On Friday, JPMorgan (NYSE:JPM) adjusted its stance on Varonis Systems (NASDAQ:VRNS), upgrading the stock from Neutral to Overweight and increasing the price target to $54.00, up from the previous target of $50.00.
The revision follows a notable decline in Varonis's share price over the past three months, which has seen the company's stock fall roughly 18%, compared to a 10% decrease in the broader market that JPMorgan covers.
The firm noted that the current lower stock price of Varonis Systems offers an enticing opportunity as the year progresses. Several factors are expected to contribute to potential gains, including the growing demand for Data Security, which Varonis specializes in.
JPMorgan anticipates that the second half of the year could bring multiple positive developments for Varonis, including catalysts from renewals in the third and fourth quarters, improved company fundamentals as it continues to execute its transition, and the impact of recently introduced Managed Detection and Response (MDDR) services.
Looking forward to fiscal year 2025, the analyst firm also suggests that advancements in artificial intelligence (AI) could provide additional momentum for Varonis.
The company's management team has been recognized by JPMorgan as one of the more promising in terms of demand outlook within their coverage universe. This positive assessment is supported by recent discussions with channel partners, indicating strong growth in the core Data Security markets that Varonis serves.
In terms of valuation, Varonis is currently trading at approximately 6.3 times its expected calendar year 2025 annual recurring revenue (EV/CY25 ARR), which is lower than the 7.0 times average for the companies in JPMorgan's coverage universe. This comparison further underscores the investment firm's positive outlook on Varonis Systems' stock potential moving forward.

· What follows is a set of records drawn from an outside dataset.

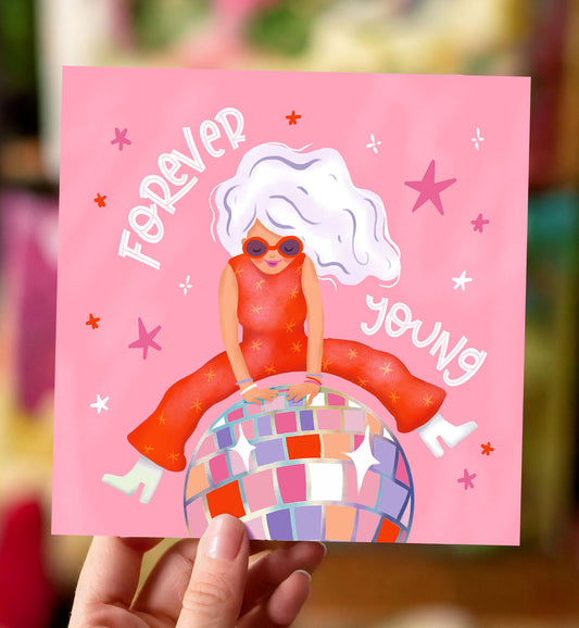 Kaart verjaardag felicitatie vrouw met discobal forever young grappig roze
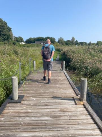 Op het eiland Aspo aangekomen blijkt de fietsverhuur (al) gesloten. Dat is nu weer erg jammer. Gelukkig kunnen we nog lekker iets wandelen op het eiland.
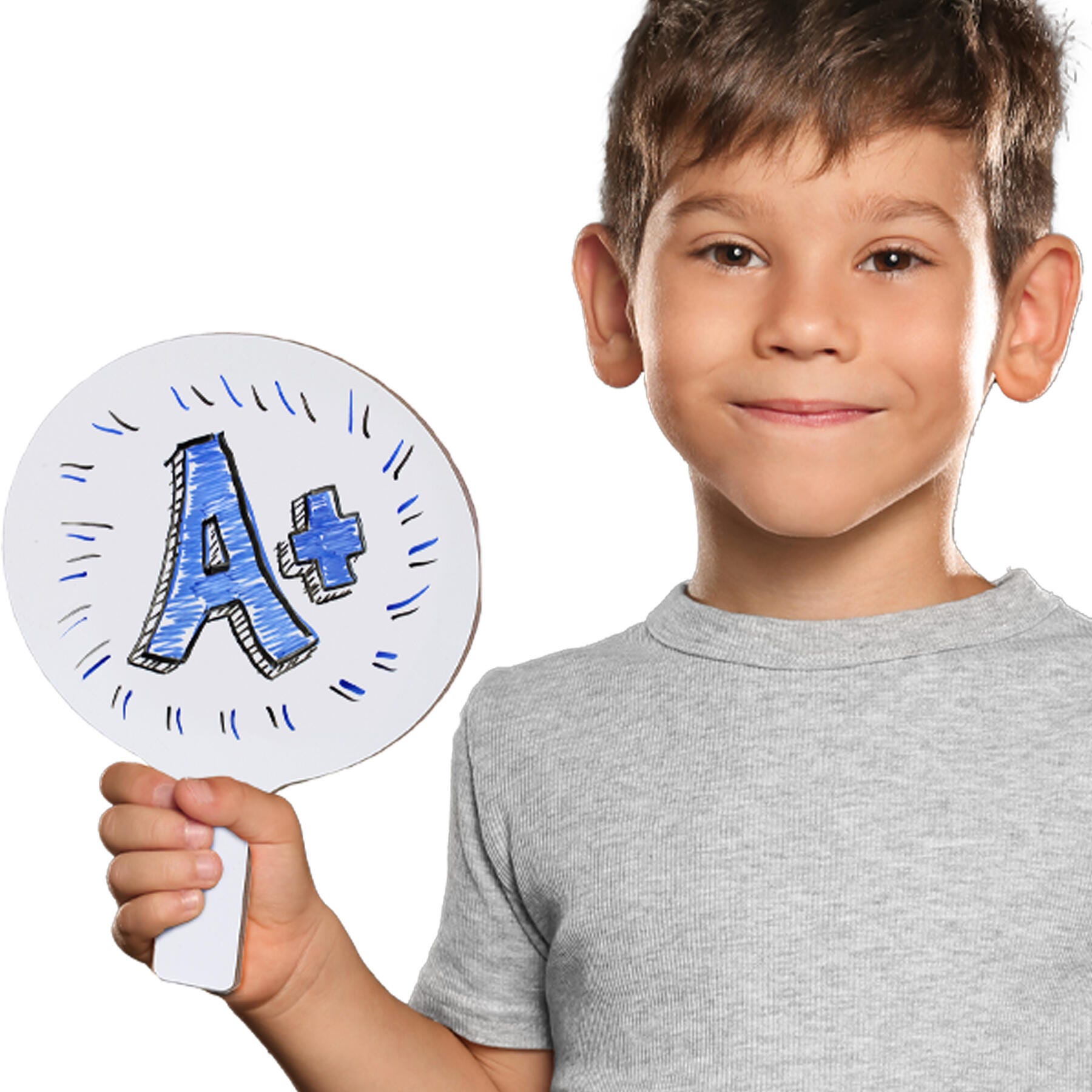 Mini dry erase answer paddles are ideal for quick response lessons and games. Writes on and wipes off easily. Each set includes 12 paddles, 12 erasers, and 12 black pens. Measures 5 x 9 inches.

In other recent news, Varonis Systems reported a robust first quarter with a significant 17% increase in annual recurring revenue (ARR) to $560.3 million. This growth is largely due to the company's successful transition to a software-as-a-service (SaaS) model and the positive market response to its Managed Detection and Response (MDDR) service.
TD Cowen maintained its Buy rating on Varonis, citing the company's strong position to capitalize on the growing demand in the data security sector. The firm also highlighted Varonis's strategic moves, indicating that the company is on track to achieve its ambitious target of $1 billion in ARR by the fiscal year 2027.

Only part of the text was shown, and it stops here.